» PROBLEM DETAILS
Write out the lines below exactly, beginning at the one with "One of 9 junior suites" and stopping after the one with "Using Velcro straps"; the pictures are not copied.

● ● ● ●

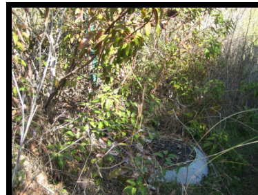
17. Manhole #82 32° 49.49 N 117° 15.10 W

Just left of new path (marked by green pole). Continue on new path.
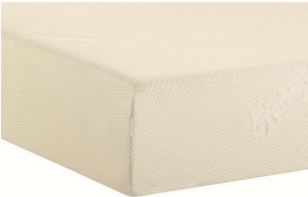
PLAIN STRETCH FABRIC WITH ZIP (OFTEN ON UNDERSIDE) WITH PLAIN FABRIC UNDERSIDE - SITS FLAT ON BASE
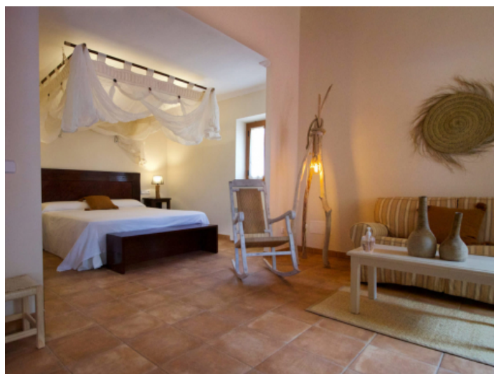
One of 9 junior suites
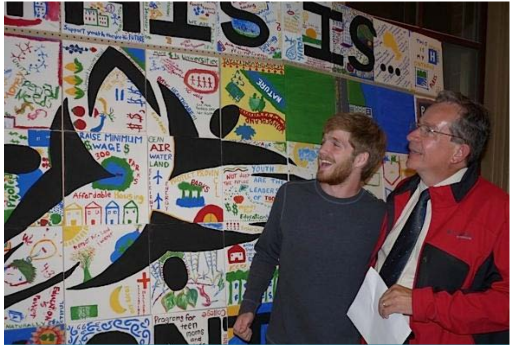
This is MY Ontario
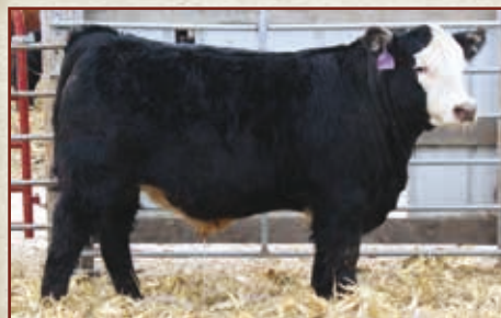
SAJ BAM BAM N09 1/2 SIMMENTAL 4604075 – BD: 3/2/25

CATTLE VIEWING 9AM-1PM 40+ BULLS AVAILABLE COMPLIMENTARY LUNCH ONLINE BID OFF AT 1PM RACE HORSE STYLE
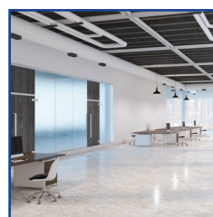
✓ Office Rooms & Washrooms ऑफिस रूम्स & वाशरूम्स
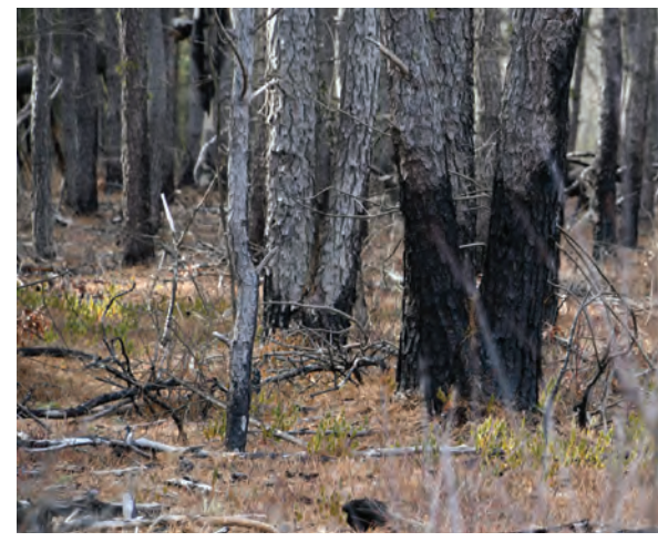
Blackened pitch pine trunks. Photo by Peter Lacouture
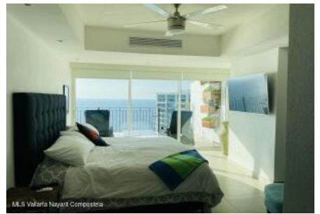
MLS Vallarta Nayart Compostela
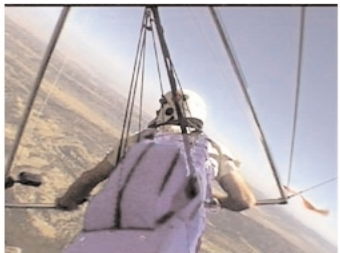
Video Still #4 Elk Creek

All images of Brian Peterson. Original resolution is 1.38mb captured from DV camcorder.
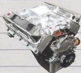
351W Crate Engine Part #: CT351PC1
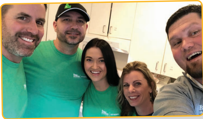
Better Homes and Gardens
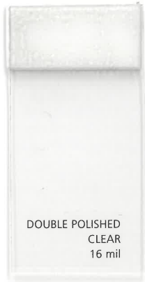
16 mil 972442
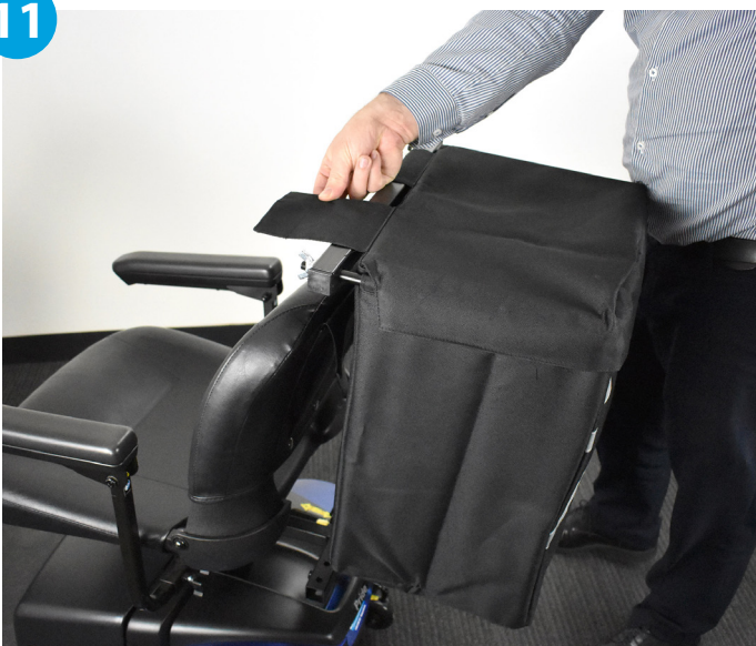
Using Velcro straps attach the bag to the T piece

● ● ● ●

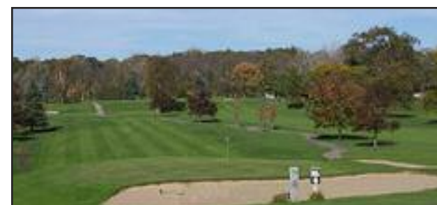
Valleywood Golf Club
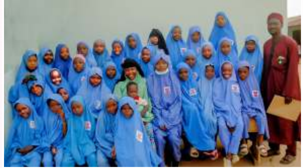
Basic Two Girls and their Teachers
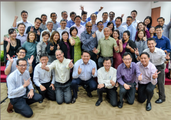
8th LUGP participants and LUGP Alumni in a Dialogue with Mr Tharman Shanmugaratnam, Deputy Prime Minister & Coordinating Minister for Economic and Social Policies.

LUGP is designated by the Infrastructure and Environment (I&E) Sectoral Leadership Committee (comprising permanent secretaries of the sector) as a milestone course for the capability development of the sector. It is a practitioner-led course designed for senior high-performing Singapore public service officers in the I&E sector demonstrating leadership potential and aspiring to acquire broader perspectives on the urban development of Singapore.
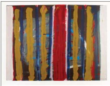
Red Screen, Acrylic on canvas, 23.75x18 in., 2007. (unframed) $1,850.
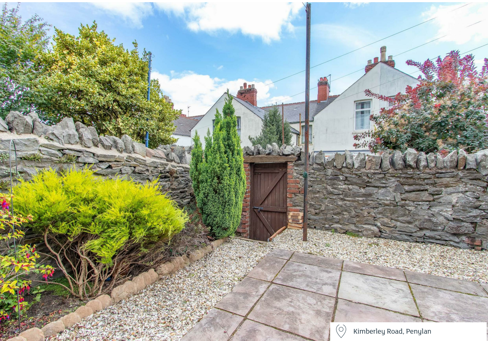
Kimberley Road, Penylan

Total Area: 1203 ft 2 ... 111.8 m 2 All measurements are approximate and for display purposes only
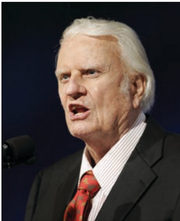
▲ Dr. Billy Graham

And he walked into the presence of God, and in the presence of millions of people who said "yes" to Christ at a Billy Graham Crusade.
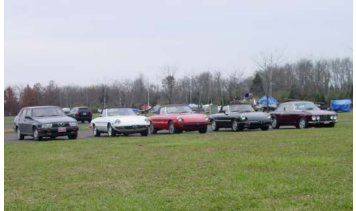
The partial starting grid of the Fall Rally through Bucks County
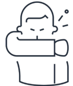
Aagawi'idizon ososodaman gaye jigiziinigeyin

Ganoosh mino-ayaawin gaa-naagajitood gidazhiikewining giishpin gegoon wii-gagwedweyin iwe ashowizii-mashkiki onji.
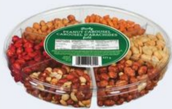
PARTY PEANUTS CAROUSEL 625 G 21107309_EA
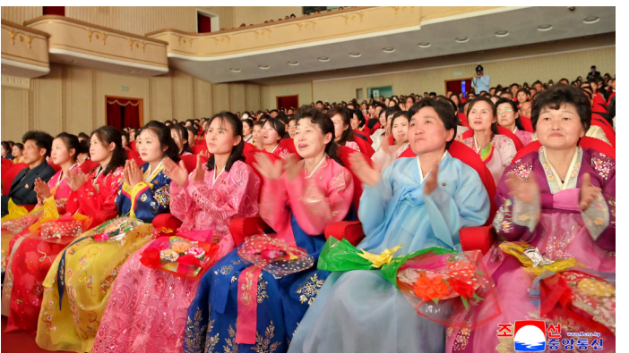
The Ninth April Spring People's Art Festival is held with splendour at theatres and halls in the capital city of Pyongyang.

● ● ● ●

» ANSWER TO THIS EXERCISE
One of 9 junior suites
This is MY Ontario
SAJ BAM BAM N09 1/2 SIMMENTAL 4604075 – BD: 3/2/25

CATTLE VIEWING 9AM-1PM 40+ BULLS AVAILABLE COMPLIMENTARY LUNCH ONLINE BID OFF AT 1PM RACE HORSE STYLE
✓ Office Rooms & Washrooms ऑफिस रूम्स & वाशरूम्स
Blackened pitch pine trunks. Photo by Peter Lacouture
MLS Vallarta Nayart Compostela
Video Still #4 Elk Creek

All images of Brian Peterson. Original resolution is 1.38mb captured from DV camcorder.
351W Crate Engine Part #: CT351PC1
Better Homes and Gardens
16 mil 972442
Using Velcro straps attach the bag to the T piece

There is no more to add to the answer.